• [What is required]
Restate word for word the section of the entries that opens at the line containing "Those can be" and closes at the line containing "Hot Grill shrimps", both lines kept, pictures dropped.

• [Record excerpts]

^^^^^^^^

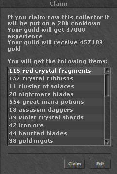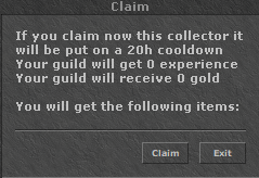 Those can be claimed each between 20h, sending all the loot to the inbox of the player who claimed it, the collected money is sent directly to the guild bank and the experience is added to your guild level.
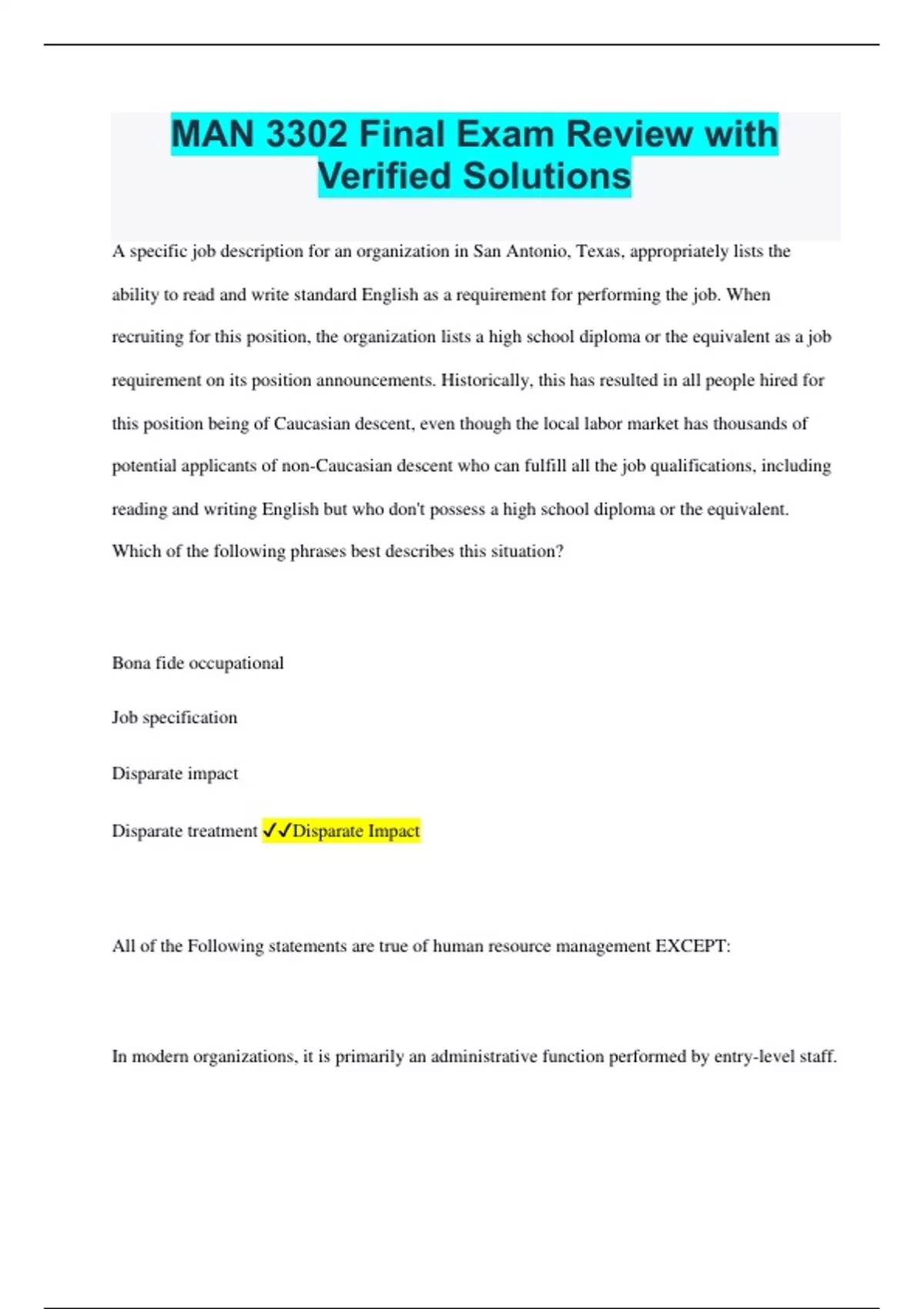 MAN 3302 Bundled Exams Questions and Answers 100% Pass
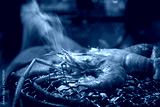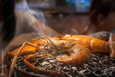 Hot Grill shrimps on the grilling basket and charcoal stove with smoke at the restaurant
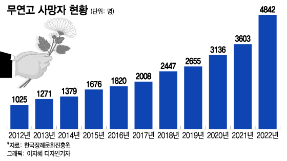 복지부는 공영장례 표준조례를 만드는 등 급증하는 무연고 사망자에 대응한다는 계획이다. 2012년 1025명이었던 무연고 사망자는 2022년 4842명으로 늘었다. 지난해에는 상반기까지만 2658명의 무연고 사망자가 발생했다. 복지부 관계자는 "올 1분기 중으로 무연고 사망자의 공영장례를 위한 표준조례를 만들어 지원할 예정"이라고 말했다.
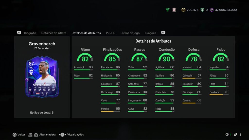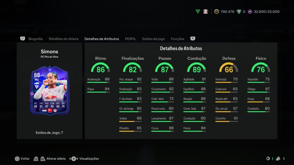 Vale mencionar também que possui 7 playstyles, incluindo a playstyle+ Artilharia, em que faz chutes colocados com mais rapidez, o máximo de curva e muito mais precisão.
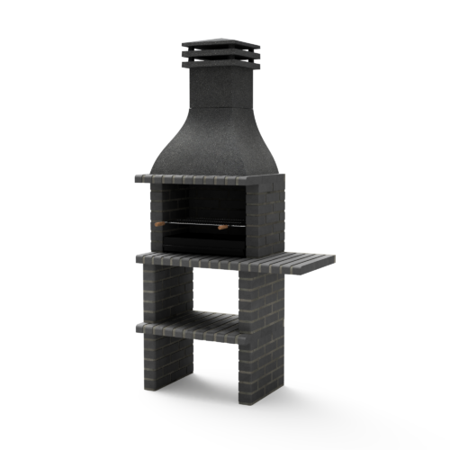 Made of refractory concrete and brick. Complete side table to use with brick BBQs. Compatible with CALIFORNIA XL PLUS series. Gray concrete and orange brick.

^^^^^^^^

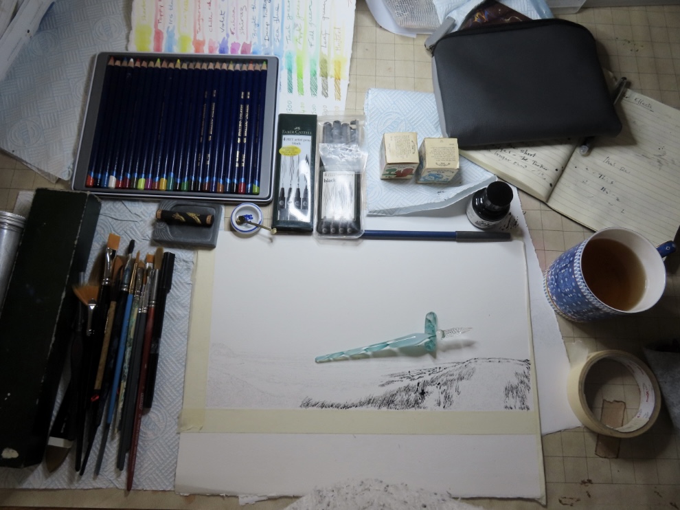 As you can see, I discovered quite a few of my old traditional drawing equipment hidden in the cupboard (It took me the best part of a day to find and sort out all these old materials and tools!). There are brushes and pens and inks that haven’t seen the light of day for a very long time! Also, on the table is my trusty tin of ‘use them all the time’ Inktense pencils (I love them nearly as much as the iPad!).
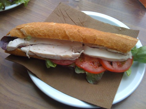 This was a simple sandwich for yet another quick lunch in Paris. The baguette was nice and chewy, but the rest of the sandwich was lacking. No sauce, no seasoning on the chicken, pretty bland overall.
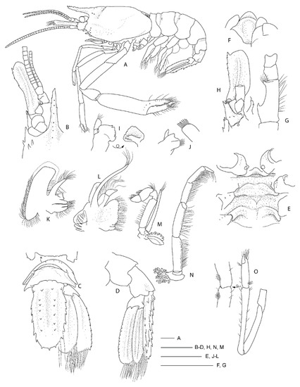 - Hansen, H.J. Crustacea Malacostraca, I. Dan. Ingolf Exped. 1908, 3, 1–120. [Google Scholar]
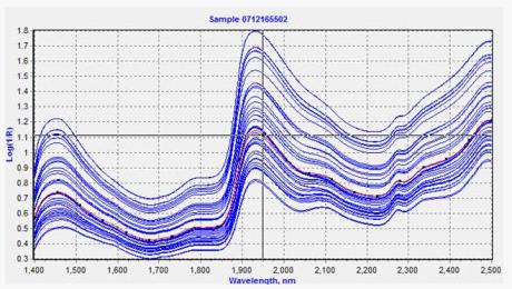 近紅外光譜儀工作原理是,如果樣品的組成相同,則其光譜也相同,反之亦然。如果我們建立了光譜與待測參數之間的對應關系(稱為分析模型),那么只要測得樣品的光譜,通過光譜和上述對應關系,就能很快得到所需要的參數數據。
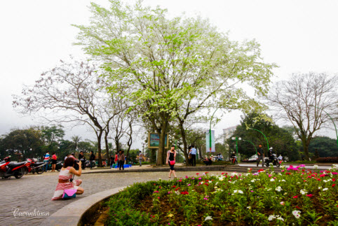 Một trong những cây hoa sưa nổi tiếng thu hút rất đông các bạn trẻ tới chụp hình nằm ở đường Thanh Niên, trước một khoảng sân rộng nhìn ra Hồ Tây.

^^^^^^^^

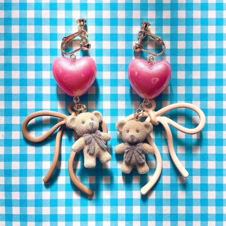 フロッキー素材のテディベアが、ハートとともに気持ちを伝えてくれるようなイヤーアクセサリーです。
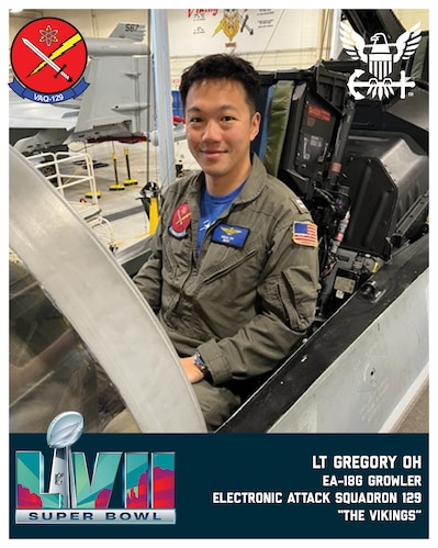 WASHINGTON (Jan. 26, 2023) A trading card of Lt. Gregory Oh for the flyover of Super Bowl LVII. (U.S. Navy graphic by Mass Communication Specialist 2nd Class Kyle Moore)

^^^^^^^^

• [Solution to this exercise]
 Those can be claimed each between 20h, sending all the loot to the inbox of the player who claimed it, the collected money is sent directly to the guild bank and the experience is added to your guild level.
 MAN 3302 Bundled Exams Questions and Answers 100% Pass
 Hot Grill shrimps on the grilling basket and charcoal stove with smoke at the restaurant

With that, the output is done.